# Average Calculator

The average calculator will calculate the mean of up to thirty numbers. An interesting aspect of the calculator is you can see how the mean changes as more values are entered. Before you use the calculator, you should know how to calculate the average, just in case you are without internet and cannot access this calculator. Note that the mean is the same as average and these terms can be used interchangeably.

## How to Calculate Average

The average of a set of numbers is simply the sum of the numbers divided by the total number of values in the set. For example, suppose we want the average of `24`

,`55`

, `17`

, `87`

and `100`

. Simply find the sum of the numbers: `24 + 55 + 17 + 87 + 100 = 283`

and divide by `5`

to get `56.6`

. A simple problem such as this one can be done by hand without too much trouble, but, for more complex numbers involving many decimal places, it is more convenient to use this calculator. Note that the mean rating calculator does a similar math - it calculates an average rating given the number of votes with values from 1 to 5.

## Similar Concepts Involving Averages

The weighted average calculator lets you assign weights to each number. A number weighting is an indicator of it's importance. A common type of a weighted mean that is computed is the grade point average (GPA). To do this by hand, follow these steps:

- Multiply the value of the letter grade by the number of credits in the class.
- Do this for all the classes and take the sum.
- Divide the sum by the total number of credits.

Suppose the grades are an A for a `3`

credit class, two B's for the `4`

credit classes and a C for a `2`

credit class. Using the standard value of `4`

for an A, `3`

for a B and `2`

for a C, the grade point average is `GPA = [4(3) + 3(4) + 3(4) + 2(2)]/(3 + 4 + 4 + 2) = 40/13 = 3.08`

Note that the average calculator will compute the average for all values that are weighted equally. For a weighted average, such as GPA and other statistical applications, the weighted average calculator linked above is the tool you want to use. In statistics the mean is known as a measure of central tendency.

## FAQ

### What are the 4 averages?

The **four averages are the mean, median, mode and range**. The **mean is what you typically think as the average** - found by sum all values and dividing the sum by the number of values. The **median is the middle value** of the set (or the average of the two middle values if the set is even). The** mode is the piece of data that occurs the most**, and the **range is the difference between the highest and lowest values**. To calculate all these averages and more, check out the Mean Median Mode Calculator.

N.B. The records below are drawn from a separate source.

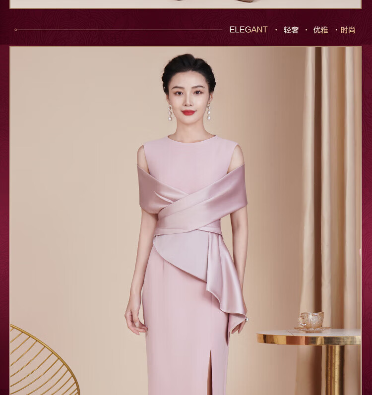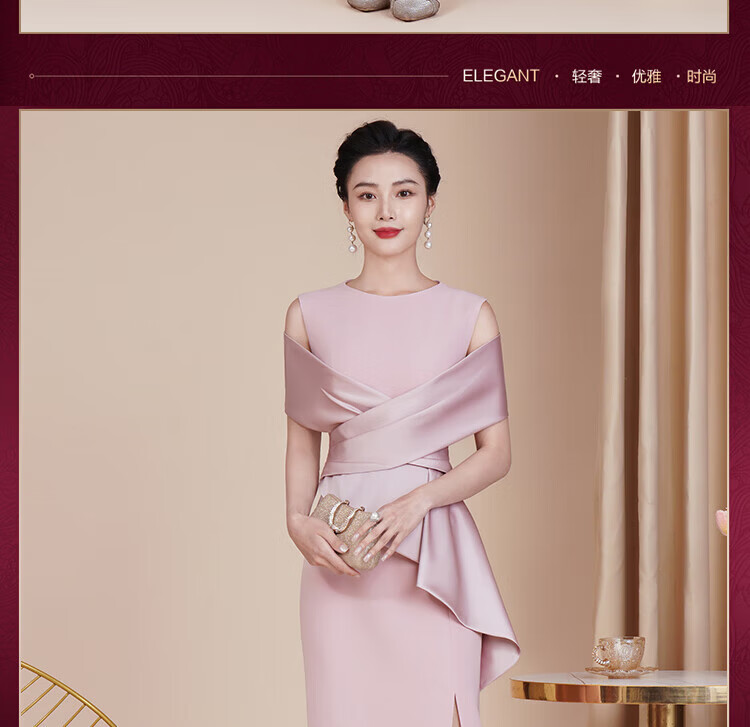 Rindu's daughter is getting married and her mother's high-end dress is high-end 2025 new style noble Xi mother-in-law's wedding banquet cheongsam pink S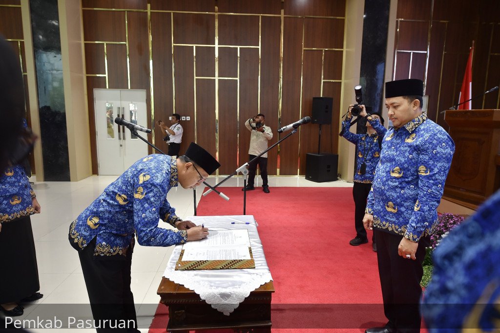 Pelantikan digelar di Auditorium Mpu Sindok, Komplek Kantor Bupati Pasuruan dan disaksikan Ketua DPRD, Samsul Hidayat; Sekretaris Daerah (Sekda) Yudha Triwidya Sasongko, para Asisten dan pejabat lainnya.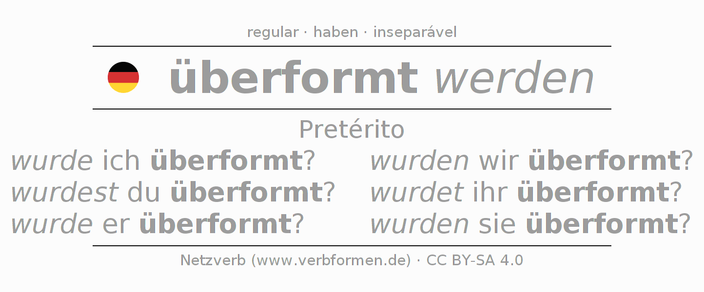 A conjugação do verbo überformen no Voz Passiva Pretérito Indicativo Pretérito é: wurde ich überformt?, wurdest du überformt?, wurde er überformt?, wurden wir überformt?, wurdet ihr überformt?, wurden sie überformt?.A formação dessas formas segue determinadas regras gramaticais. Os requisitos para a conjugação do verbo como forma verbal simples no überformen do Pretérito. Comentários ☆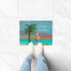 Santa pelican and palm tree Christmas Holiday indoor or outdoor door mat with my art. Fun festive colorful Christmas Holiday home decor rug of pelican in Santa hat with decorated palm tree of Holiday lights. The image is from my original art. Available in several doormat sizes.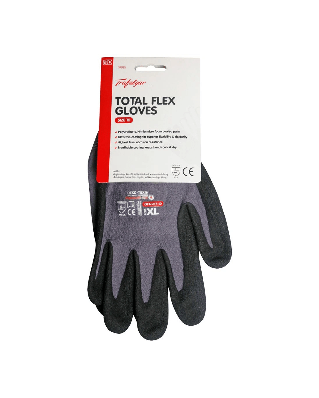 These Trafalgar Total Flex Gloves offer industry level flexibility and dexterity thanks to the ultra-thin coating. They're suitable for industry use like, precision assembly work, general handling, engineering, assembly and technical work, automotive industry, building and construction, logistics and warehousing, mining and electrical work. They protect your skin from germs, abrasions and contamination thanks OEKO-TEX certification.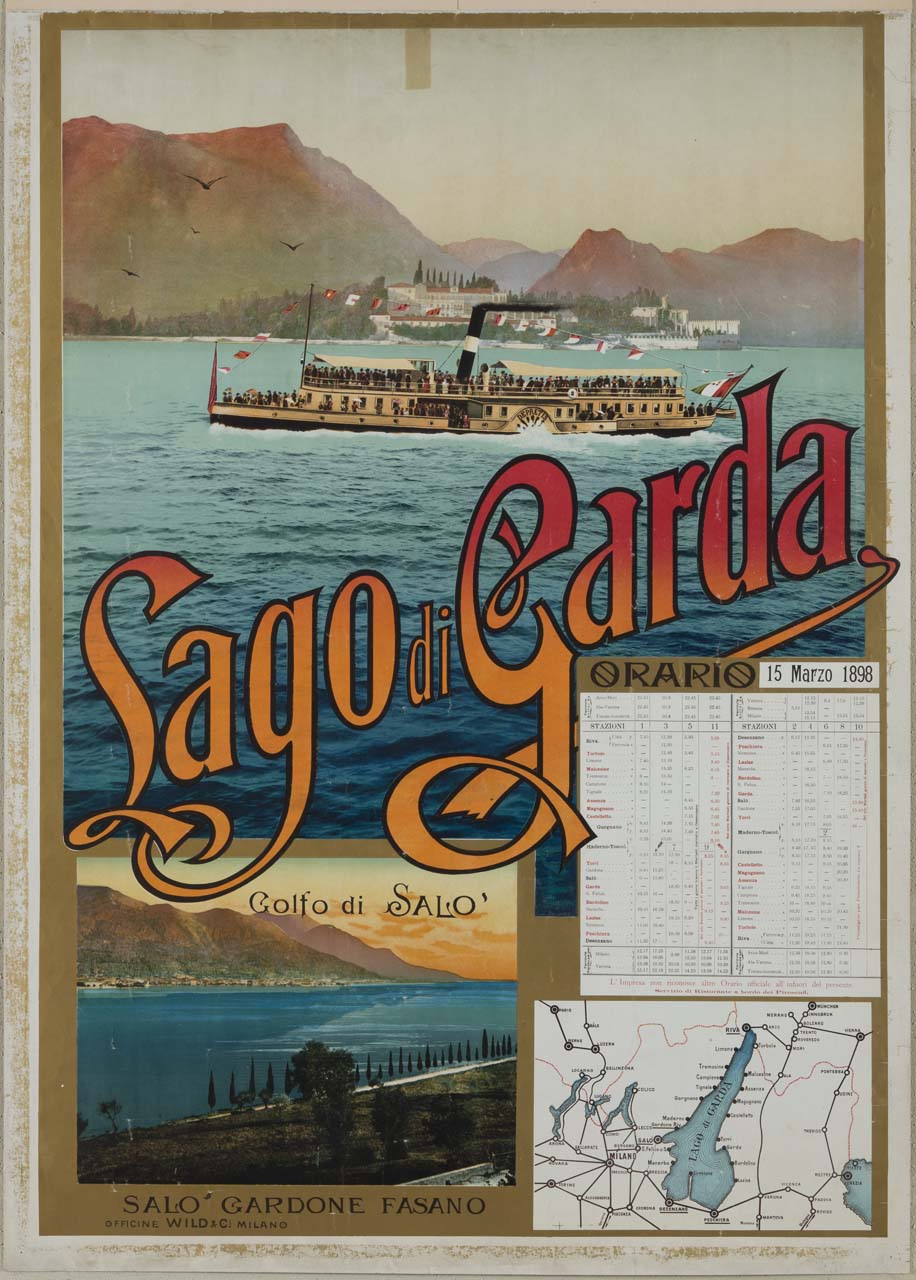 Lettura iconografica: isola; villa; mura; lago; veduta di città; piroscafo; orari; carta geografica. Categoria merceologica/ tipo evento: turismo; lago; trasporti; trasporto per vie d’acqua; compagnia di navigazione; servizio di navigazione; piroscafo. Nomi: Società Anonima per azioni Impresa di Navigazione sul Lago di Garda; Depretis; Luigi Rovelli. Luoghi: Lago di Garda; Isola del Garda; San Felice del Benaco; Salò; Gardone Riviera; Fasano di Gardone Riviera; Sirmione; Riva città; Riva ferrovia; Tremosine; Campione; Tignale; Gargagnano; Bogliaco; Maderno; Fasano; Gardone; Salò; San Felice; Manerba; Desenzano; Peschiera; Brescia; Torbole; Malcesine; Assenza; Magugnano; Castelletto; Torri; San Virgilio; Bardolino; Lazise; Peschiera; Verona; Milano; Arco; Mori; Venezi; Brescia

### Why do we calculate average?

**We calculate averages because they are a very useful way to present a large amount of data**. Instead of having to trawl through hundreds or thousands of pieces of data, we have **one number that succinctly summarises the whole set**. While there are some problems with averages, such as outliers showing an inaccurate average, they are **useful to compare data at a glance**.

### Why are averages misleading?

**Averages can be misleading for a number of reasons**. **They best represent evenly distributed bell curves**, where most results are found in the middle, and few on the extremities. But **even one very extreme point can change the average dramatically**, and so these anomalies are often excluded, but not always. Next, **humans tend to interpret averages as being perfect representations**, leading to a lack of desire to understand the nuances of the data. Lastly, averages are often used to predict **individual cases, which are often wildly inaccurate**.

### How do I calculate my grade average?

**Multiply each grade by the credits or weight attached to it**. If your grades are not weighted, skip this step.- Add all of the weighted grades (or just the grades if there is no weighting) together.
- Divide the sum by the number of grades you added together.
- Check your result with the college GPA calculator.

### How do I calculate a weighted average?

**Multiply each number by its weight**.- Add all of the weighted numbers together.
- Divide the sum by the number of data points.
- Check your result with the weight average calculator.

### Is average better than mode?

There is **no easy answer to whether the average is better than the mode** - it **depends entirely on the data** set in front of you. If the **data is normally distributed, has no outliers, then you should probably use the average**, as it will present you with the most representative value. The **mode, however, is more robust**, and will present the most common value, regardless of any outliers. The mode should always be used with categorical data - that is, data with distinct groups - as the groups are not continuous.

### How do you calculate the average percentage in Excel?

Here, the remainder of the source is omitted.